Somme toute, le patron administratif du Mrc conclut son communiqué, en rappelant que cette formation politique de l’opposition camerounaise exige la libération, sans condition, du président national, de ses alliés, de tous les militants et sympathisants injustement détenus par le régime en place. Depuis 44 jours, M. Kamto et ses partisans sont emprisonnés depuis le 28 janvier 2019 pour avoir organisé ou participé, le 26 janvier 2019, à des marches blanches organisées dans des villes camerounaises, mais interdites par les autorités administratives et réprimées par les forces de l’ordre. Le leader national du Mrc et Cie ont été inculpés pour hostilité contre la patrie, insurrection, incitation à l’insurrection, rébellion, trouble à l’ordre public et attroupement. C’est le 7 mars 2019 que le président du Tribunal de grande instance de Yaoundé Centre administratif a rejeté la sollicitation de la demande de liberté provisoire actée par le conseil du président national du Mrc et ses alliés politiques. Au cours d’une conférence de presse donnée le 8 mars 2019 à Yaoundé, Me Sylvain Souop, chef de file des avocats de M. Kamto, s’inquiétait du rejet de cette requête que ses pairs et lui ont, dûment, formulée et se préoccupait, en même temps, du maintien de certains militants et sympathisants dans les geôles de la prison principale et centrale de Yaoundé. Aussi a-t-il fait le bilan chiffré des détenus. “152 personnes sont encore, a-t-il expliqué ce jour-là, en détention dans la prison centrale et principale de Yaoundé et risquent, pour certains, la peine de mort puisque poursuivis pour hostilité contre la patrie”.
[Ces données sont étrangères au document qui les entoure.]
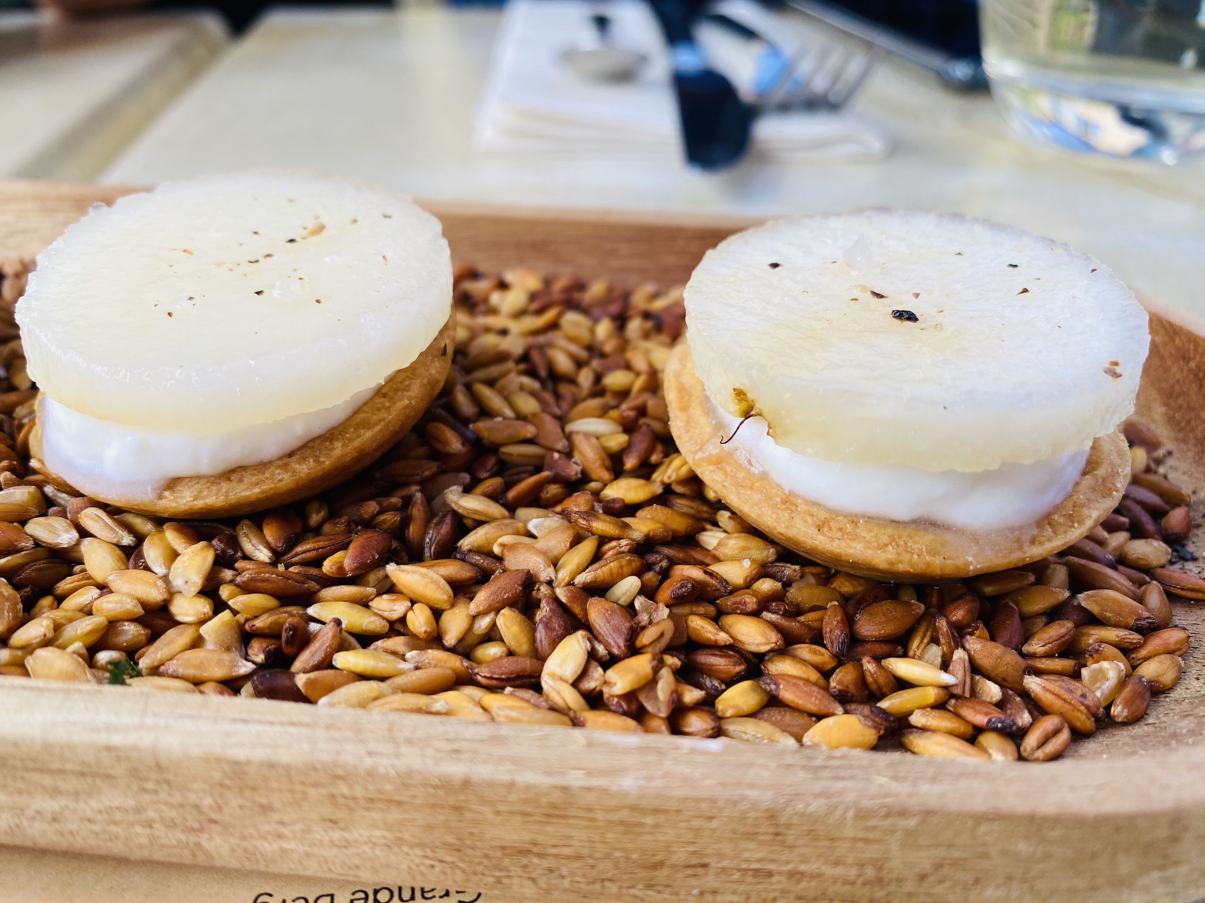 Une cuisine autour de saveurs végétales multiples douce amer et harmonieuses qui met en valeur poissons crustacés et viandes dans toutes leurs qualités et textures. Un grain de folie dans les mises en bouche croustillantes fondantes et moelleuses et un pain riche mais équilibré. Le tout arrosé d’un Vezelay bio. Une vraie ballade gustative parfaite avec son fondant chocolat praliné arrosé d’un sirop de café tiède pour final.

Visite sous tension de Tibor Nagy au Cameroun
La critique des pseudo annonces de programmation des marches blanches du Mrc intervient dans un contexte où le sous-Secrétaire d’Etat américain chargé des affaires africaines va séjourner à Yaoundé le 17 mars 2019 dans le cadre d’une tournée dans les pays de sous-région Afrique centrale. C’est, en réalité, une visite sous haute tension au Cameroun. Alors que le gouvernement camerounais maintient le ton martial et fustige le discours tenu par Tibor Nagy, le 6 mars 2019, sur les antennes de Rfi (Radio France internationale), de France 24 et dans Jeune Afrique sur la crise sociopolitique actuelle et sur la libération de M. Kamto, le “M. Afrique de Donald Trump” suggère, cette fois-ci, l’organisation d’un forum international comme plateforme de discussion dans le dessein de régler cette crise et de créer, autant que possible, un contexte de dégel de l’atmosphère politique au pays de Paul Biya.